● **Task**
Give back the records that follow exactly, images excluded.

[[ Data under study open ]]

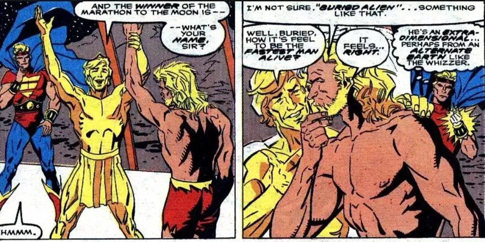 Sin embargo, durante la carrera, todos ellos fueron quemados por un único hombre de pelo rubio vestido con un andrajoso traje rojo y amarillo. El hombre había olvidado su nombre, y lo más cerca que estuvo de averiguarlo fue "Alien Enterrado". Obviamente, se trataba del velocista de DC Comics, después de que se hubiera topado con la Fuerza de la Velocidad derribando las armas del Antimonitor durante la Crisis de DC.
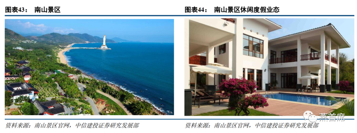 公司旗下亦包含景区业务,南山景区位于旅游胜地海南三亚,公司海南南山景区运营主要通过景区的门票、餐饮、商品、住宿、园区内交通等获得收入利润。公司控股74.81%的南山景区为公司唯一经营的5A级景区。2019年景区运营业务实现营业收入4.5亿元,与2018年基本持平,景区运营业务实现利润总额1.74亿元,同比约下降2%。南山景区的运营相对已较为成熟,营收和利润贡献相对趋于稳定。南山景区作为公司在海南地区的重点布局,未来或主要受益于海南自贸港建设所带来的政策预期和入岛人次的提升红利,海南整体旅游环境和营商环境的改善,对于提升南山景区客流以及消费转化率,降低运营成本有较为确定的预期。
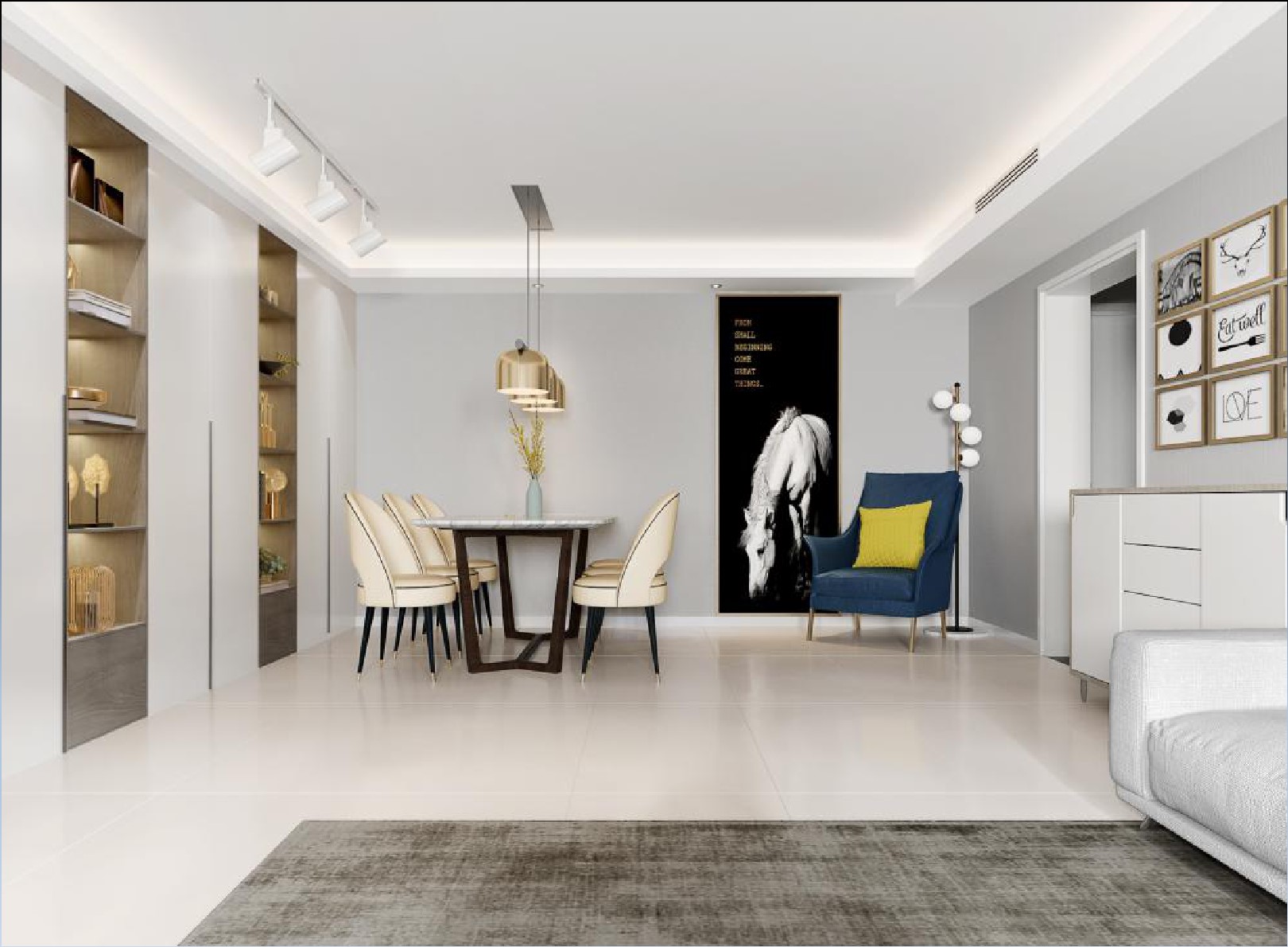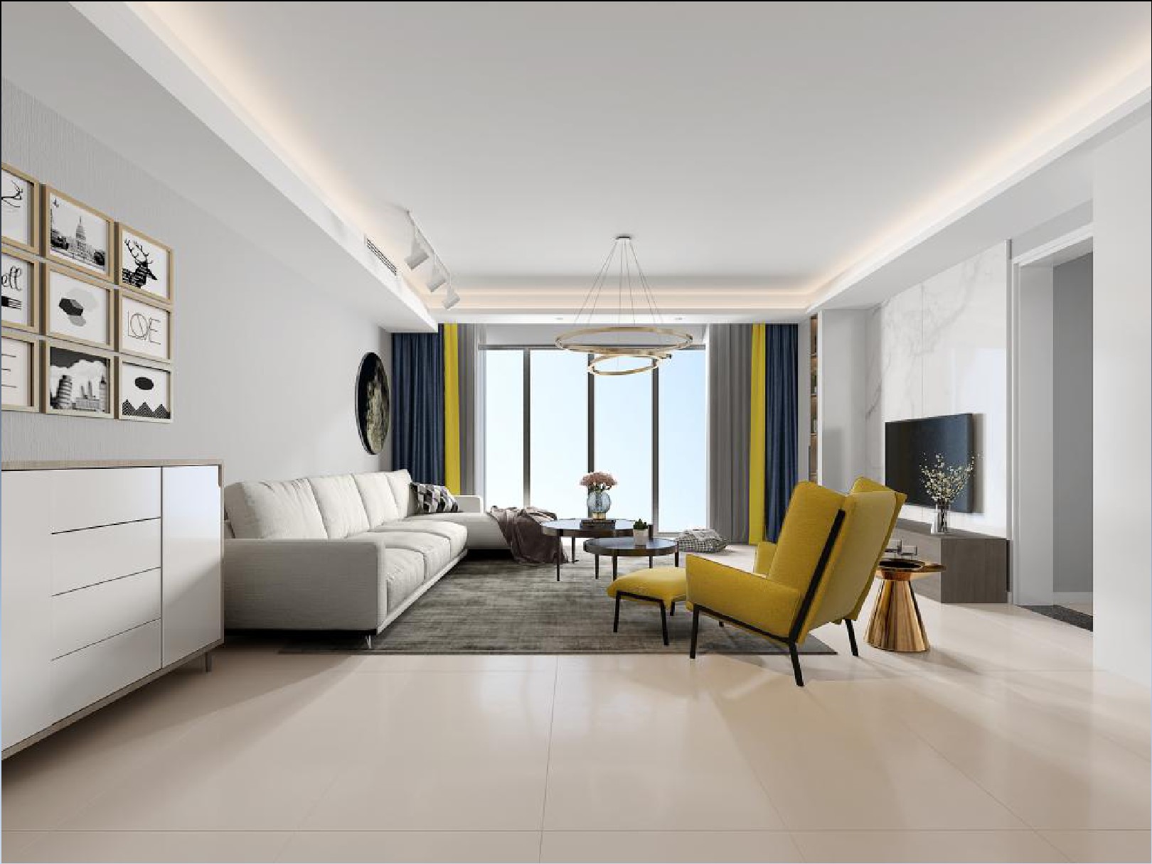 在客廳色調(diào)的選擇上,以淡雅的暖色調(diào)為主。運用黃色的單人沙發(fā)作為跳色,通過大理石電視背景墻與藝術品的懸掛和燈光的使用,營造空間的時尚感
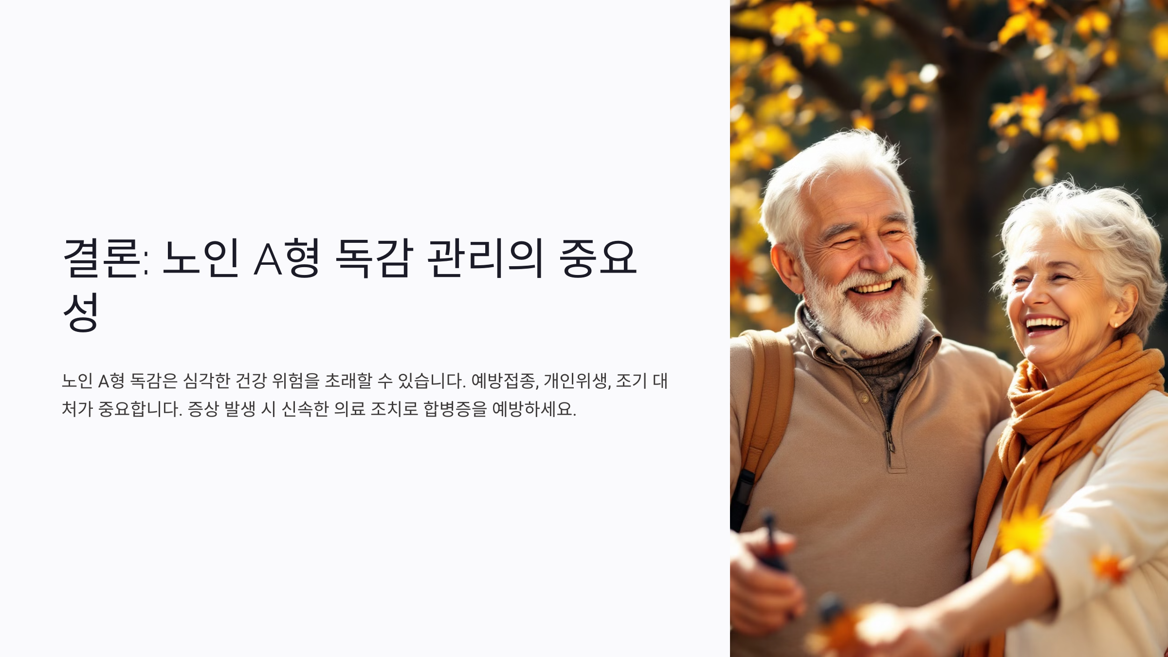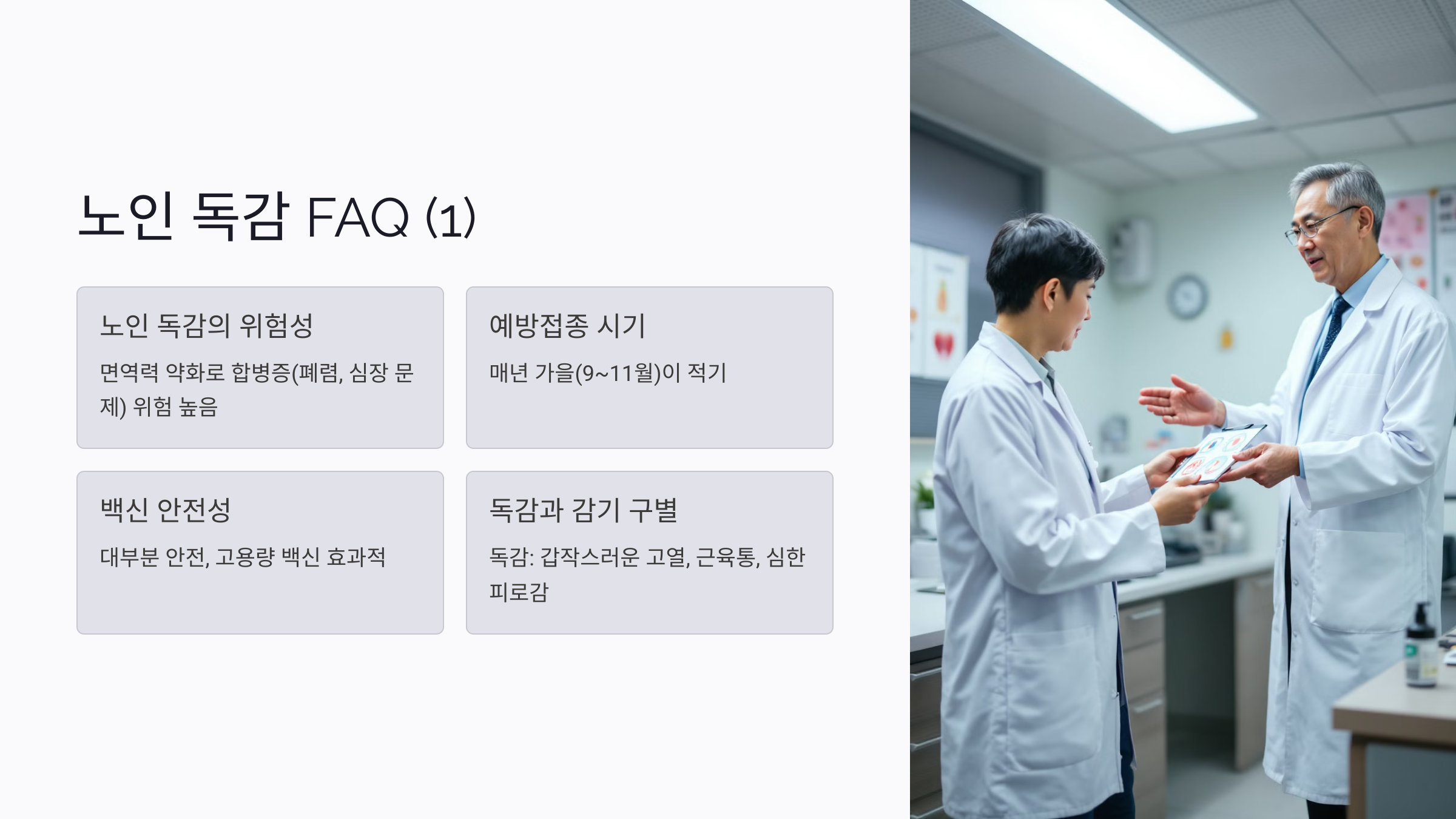 A1. 노인은 면역력이 약해 독감으로 인한 합병증(폐렴, 심장 문제 등) 위험이 매우 높아요.
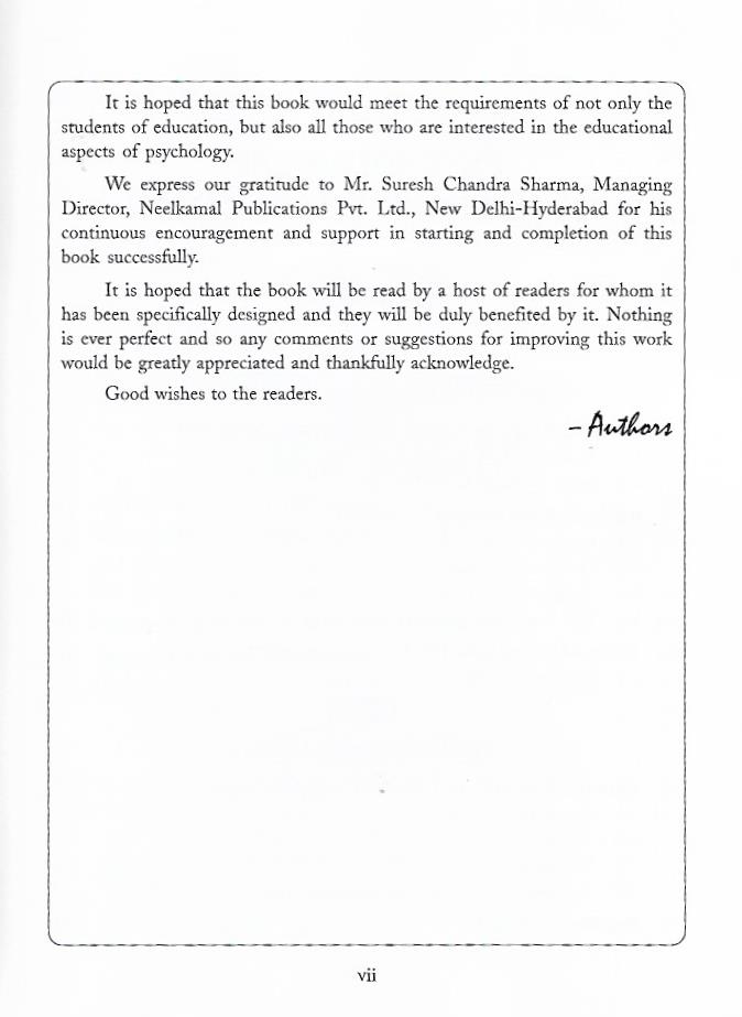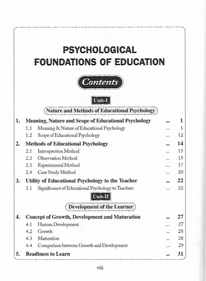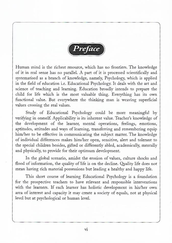 Psychological Foundations of Education deals with the art and science of teaching and learning. Study of Psychological Foundations of Education could be more meaningful by introspecting oneself. Teacher’s knowledge of the development of the learner, mental operations, feelings, emotions, aptitudes, attitudes and ways of learning and transferring and remembering equip him/her to be effective in communicating the subject matter. The knowledge of individual differences makes him/her open, sensitive, alert and tolerant to the special children besides, gifted or handicapped to provide for their optimum development academically, mentally and physically. In the global scenario, amidst the erosion of values, culture shocks and flood of information, the quality of life is on the decline. Quality life does not mean having rich material possessions but leading a healthy and happy life. This short course of Psychological Foundations of Education is a foundation for the prospective teachers to have relevant and responsible interventions with the learners. If each learner has holistic development in his/her own area of interest and capacity, it may create a society of equals, not at physical level but at psychological & human level.
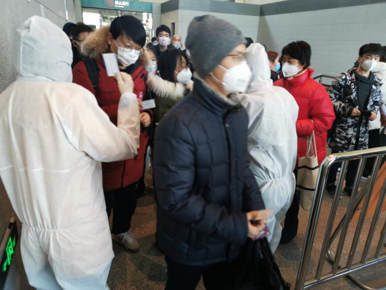 组织为乘客测温与实名登记的“志愿者服务队”。
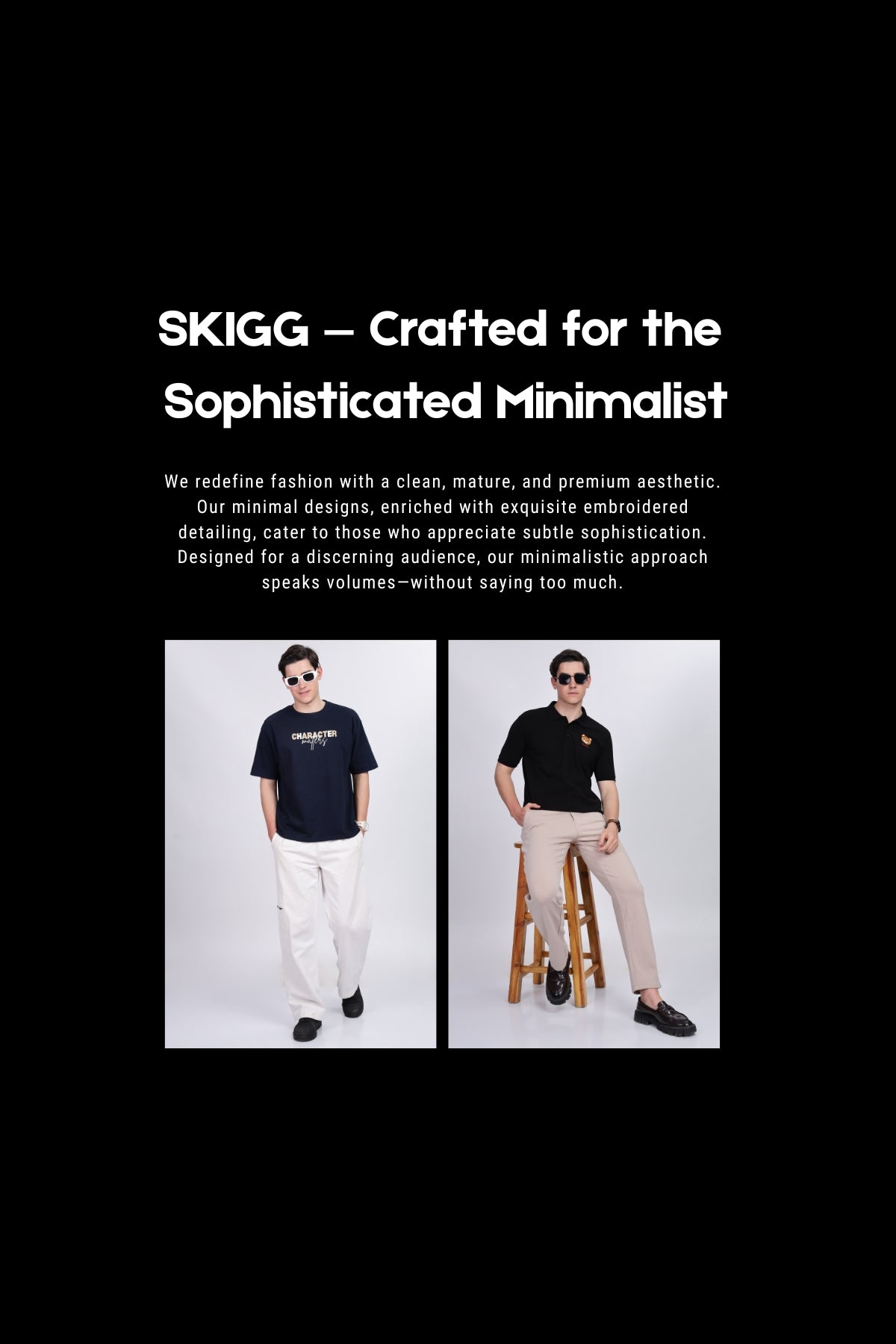 Skigg Black Polo Half Sleeve T-Shirt β Embroidered Design | Premium Cotton Blend

[[ Data under study closed ]]

● **Solution below**
 Sin embargo, durante la carrera, todos ellos fueron quemados por un único hombre de pelo rubio vestido con un andrajoso traje rojo y amarillo. El hombre había olvidado su nombre, y lo más cerca que estuvo de averiguarlo fue "Alien Enterrado". Obviamente, se trataba del velocista de DC Comics, después de que se hubiera topado con la Fuerza de la Velocidad derribando las armas del Antimonitor durante la Crisis de DC.
 公司旗下亦包含景区业务,南山景区位于旅游胜地海南三亚,公司海南南山景区运营主要通过景区的门票、餐饮、商品、住宿、园区内交通等获得收入利润。公司控股74.81%的南山景区为公司唯一经营的5A级景区。2019年景区运营业务实现营业收入4.5亿元,与2018年基本持平,景区运营业务实现利润总额1.74亿元,同比约下降2%。南山景区的运营相对已较为成熟,营收和利润贡献相对趋于稳定。南山景区作为公司在海南地区的重点布局,未来或主要受益于海南自贸港建设所带来的政策预期和入岛人次的提升红利,海南整体旅游环境和营商环境的改善,对于提升南山景区客流以及消费转化率,降低运营成本有较为确定的预期。
 在客廳色調(diào)的選擇上,以淡雅的暖色調(diào)為主。運用黃色的單人沙發(fā)作為跳色,通過大理石電視背景墻與藝術品的懸掛和燈光的使用,營造空間的時尚感
 A1. 노인은 면역력이 약해 독감으로 인한 합병증(폐렴, 심장 문제 등) 위험이 매우 높아요.
 Psychological Foundations of Education deals with the art and science of teaching and learning. Study of Psychological Foundations of Education could be more meaningful by introspecting oneself. Teacher’s knowledge of the development of the learner, mental operations, feelings, emotions, aptitudes, attitudes and ways of learning and transferring and remembering equip him/her to be effective in communicating the subject matter. The knowledge of individual differences makes him/her open, sensitive, alert and tolerant to the special children besides, gifted or handicapped to provide for their optimum development academically, mentally and physically. In the global scenario, amidst the erosion of values, culture shocks and flood of information, the quality of life is on the decline. Quality life does not mean having rich material possessions but leading a healthy and happy life. This short course of Psychological Foundations of Education is a foundation for the prospective teachers to have relevant and responsible interventions with the learners. If each learner has holistic development in his/her own area of interest and capacity, it may create a society of equals, not at physical level but at psychological & human level.
 组织为乘客测温与实名登记的“志愿者服务队”。
 Skigg Black Polo Half Sleeve T-Shirt β Embroidered Design | Premium Cotton Blend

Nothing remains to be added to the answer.